Глава 16

Следственные действия затянулись еще на неделю. Все это время я жил и мыслил, не испытывая ни чувств, ни эмоций. Вел себя как обычный человек просто потому, что так правильно себя вести.

Потом нас наконец выпустили из-под надзора и начались тренировки. В отсутствии князя Барятинского капитаном-инструктором на первое время нам поставили мичмана Егорова. В первый день, критически осмотрев и опросив свою новую команду, он повел нас на пирс, знакомиться с яхтой. Половина опыт хождения под парусом имели, половина море первый раз видели. Ну и я примерно посередине — самый умный и красивый, как в том самом анекдоте про обезьяну.

После того, как ближе к обеду капитан-инструктор закончил с теорией и расставил экипаж по местам, распределив роли, вышли на открытую воду. Едва засвистел ветер в ушах, как я ощутил себя настоящим морским волком. Вот только капитан-инструктор, топорща бакенбарды, смотрел предельно критически и выглядел так, как будто съел лимон. Не знаю, что ему не нравится — на мой взгляд выглядит все вообще прекрасно.
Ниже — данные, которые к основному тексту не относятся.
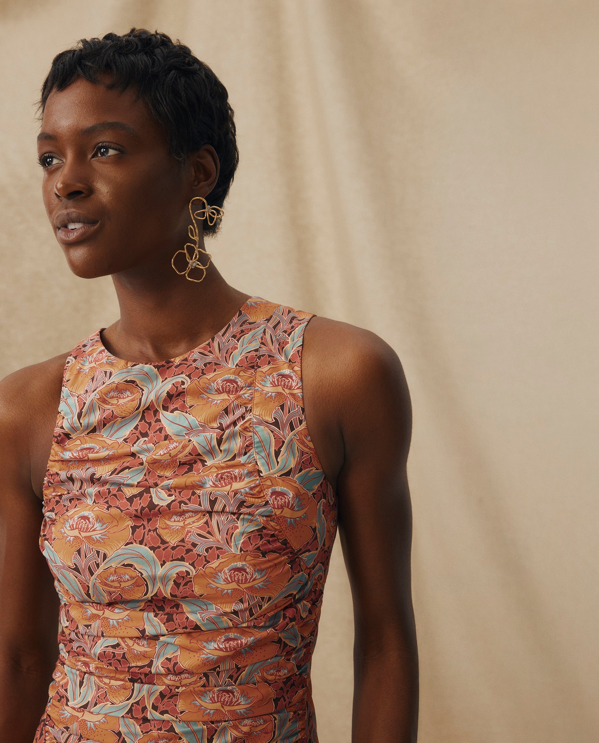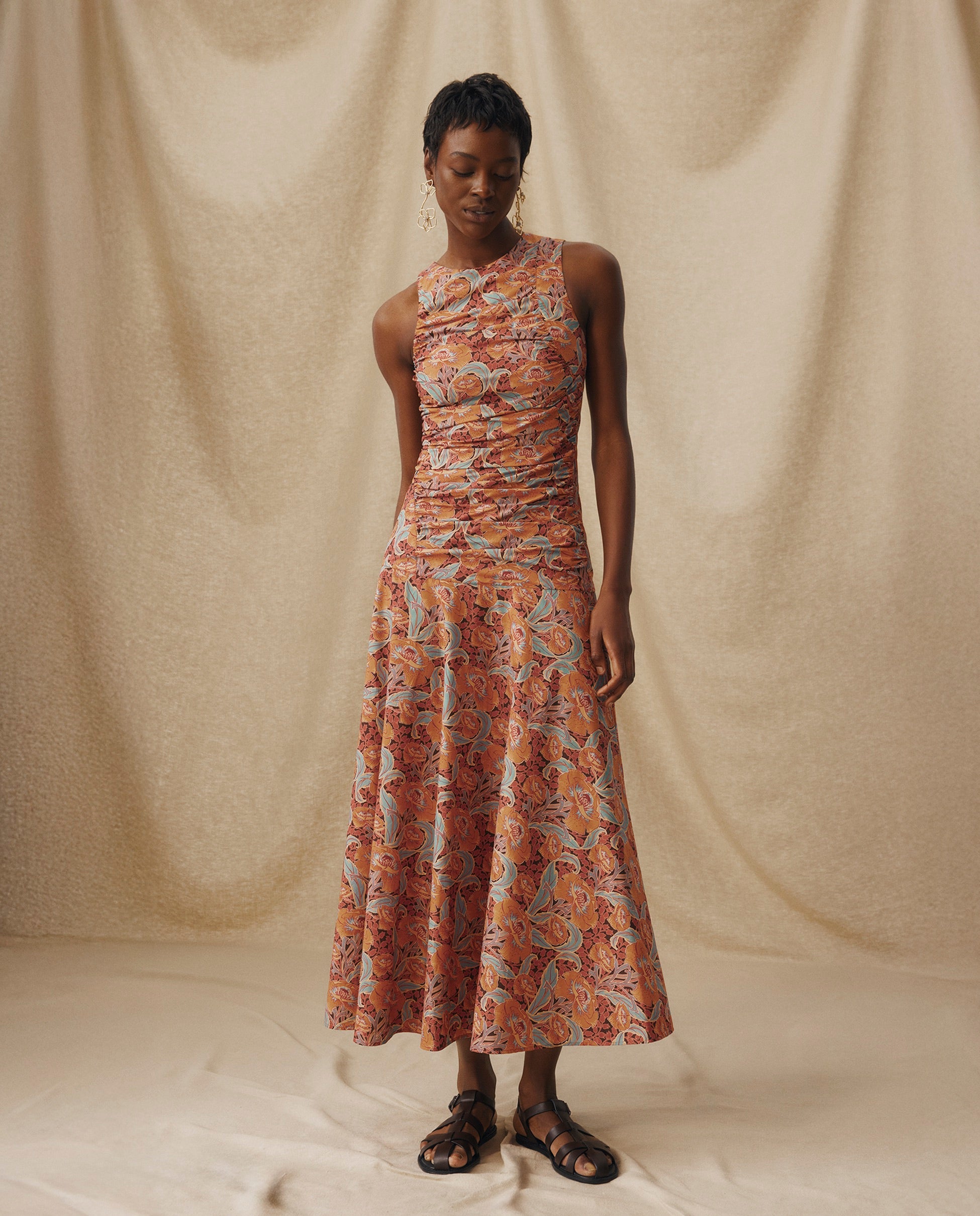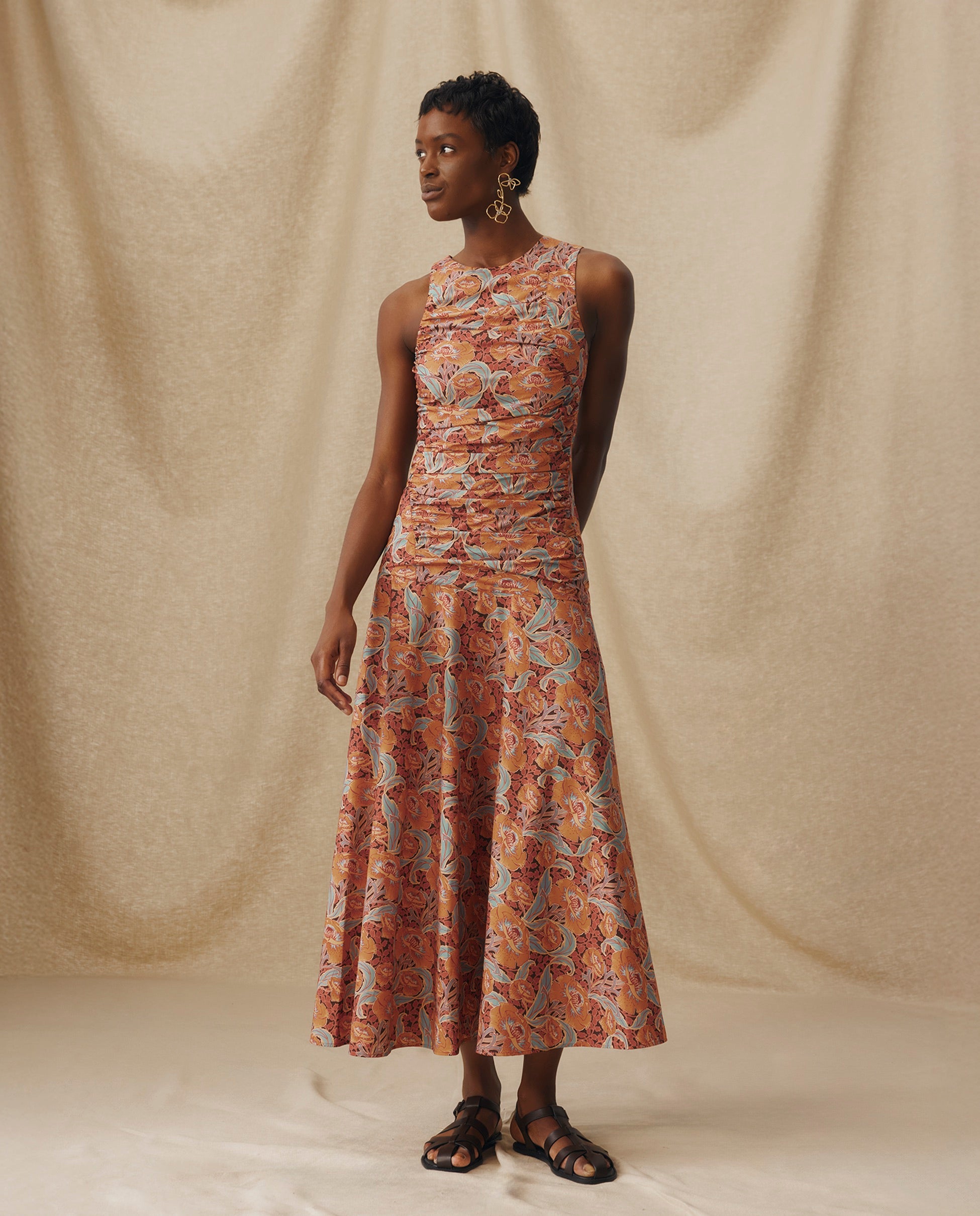 IRAMA | Terracotta Multi Liberty Floral Cotton Midi Dress
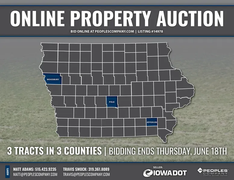 Peoples Company is offering three individual tracts owned by the Iowa Department of Transportation through an ONLINE ONLY auction where all bidding must be done online or through Peoples Companys bidding app. Bidding will be LIVE until Thursday, June 18th, 2020 at 2:00 PM Central Time Zone (CST). Closing to take place on or before Friday, July 17th, 2020. The tracts include various types of land and buildings and are located across the state of Iowa in Jefferson (Fairfield), Polk (Des Moines), and Woodbury (Moville) Counties.
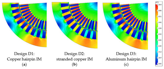 The flux densities of the three proposed designs are reported in Figure 3 for verification that each design reaches a similar level of material saturation.
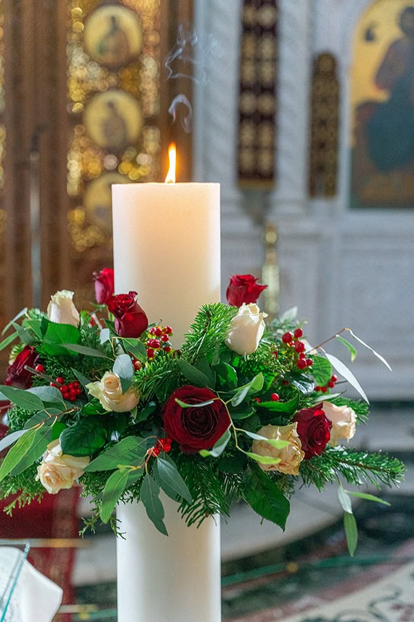 Χειμωνιάτικη διακόσμηση λαμπάδας γάμου με κόκκινα τριαντάφυλλα και γκι
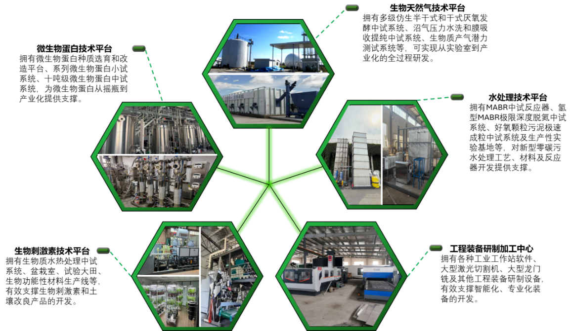 中心在研究所新源路园区现有约500平米实验室平台,拥有价值2000余万元的各类高端及常规实验及分析仪器,有效支撑中心各研究方向的基础研究,以及拥有数十套厌氧发酵、污水处理、单细胞蛋白、水热处理等方向的小试设备。在研究所的平度中试基地,中心还拥有500m3发酵容积的厌氧发酵与沼气净化中试研发系统、500m3发酵容积的多级仿生干式厌氧发酵中试系统、十吨级单细胞蛋白中试研发系统、生物质水热处理中试系统、污水处理膜材料中试研发系统以及生物刺激素中试生产线及试验田等中试平台。通过生物天然气产业化项目的推广,中心与项目企业合作,在山东无棣县、黑龙江克山县等地还建设了产业化研究基地,同时中心还在青岛即墨建立了产业化设备研制加工中心,为中心的产业化技术与装备的开发提供有力支撑。

Выглядело все прекрасно до первого поворота — там даже я понял, что экипаж наш не совсем слаженный и пока не готов покорять олимпийские вершины. Но после второго был третий поворот, четвертый, пятый, десятый и пятидесятый — в общем, дело пошло. Когда — ближе к вечеру, возвращались в порт, снизу раздался легкий, но все же заметно ощутимый удар. Мичман Егоров, нахмурившись бакенбардами, прислушался.

— Чувствуете, как лодка по-другому поехала?

Я, если честно, разницы вообще не ощущал, как и другие предельно сухопутные члены команды.

— Мы поймали пучок водорослей на киль, сейчас будем учиться его снимать, — сообщил Егоров.

Вот теорию я знал хорошо и сейчас понял, о чем речь. У нас под водой, на нижнем конце киля, прикреплена обтекаемая и заполненная свинцом болванка полтонны весом — бульб. Когда при сильном ветре или волнении яхта заваливается на борт сильным креном, он работает как противовес, возвращая лодку обратно, не давая лечь на воду или перевернуться.

Сейчас же этот обтекаемый полутонный снаряд не давал соскользнуть с киля пойманному пучку водорослей. На скорость яхты в серьезных соревнованиях влияет даже свисающая с борта в воду веревка, поэтому водоросли нужно снимать. Для того, чтобы это сделать, нужно пройти немного задним ходом, чему капитан-инструктор решил научить нас прямо сейчас. В теории все просто — рулевому нужно поставить яхту носом ровно против ветра и зафиксировать руль прямо, а шкотовым двинуть гик большого паруса вперед, ставя его перпендикулярно линии корпуса. Если все это сделать слаженно и одновременно, яхта поймает ветер обратной стороной паруса и поедет задом и назад.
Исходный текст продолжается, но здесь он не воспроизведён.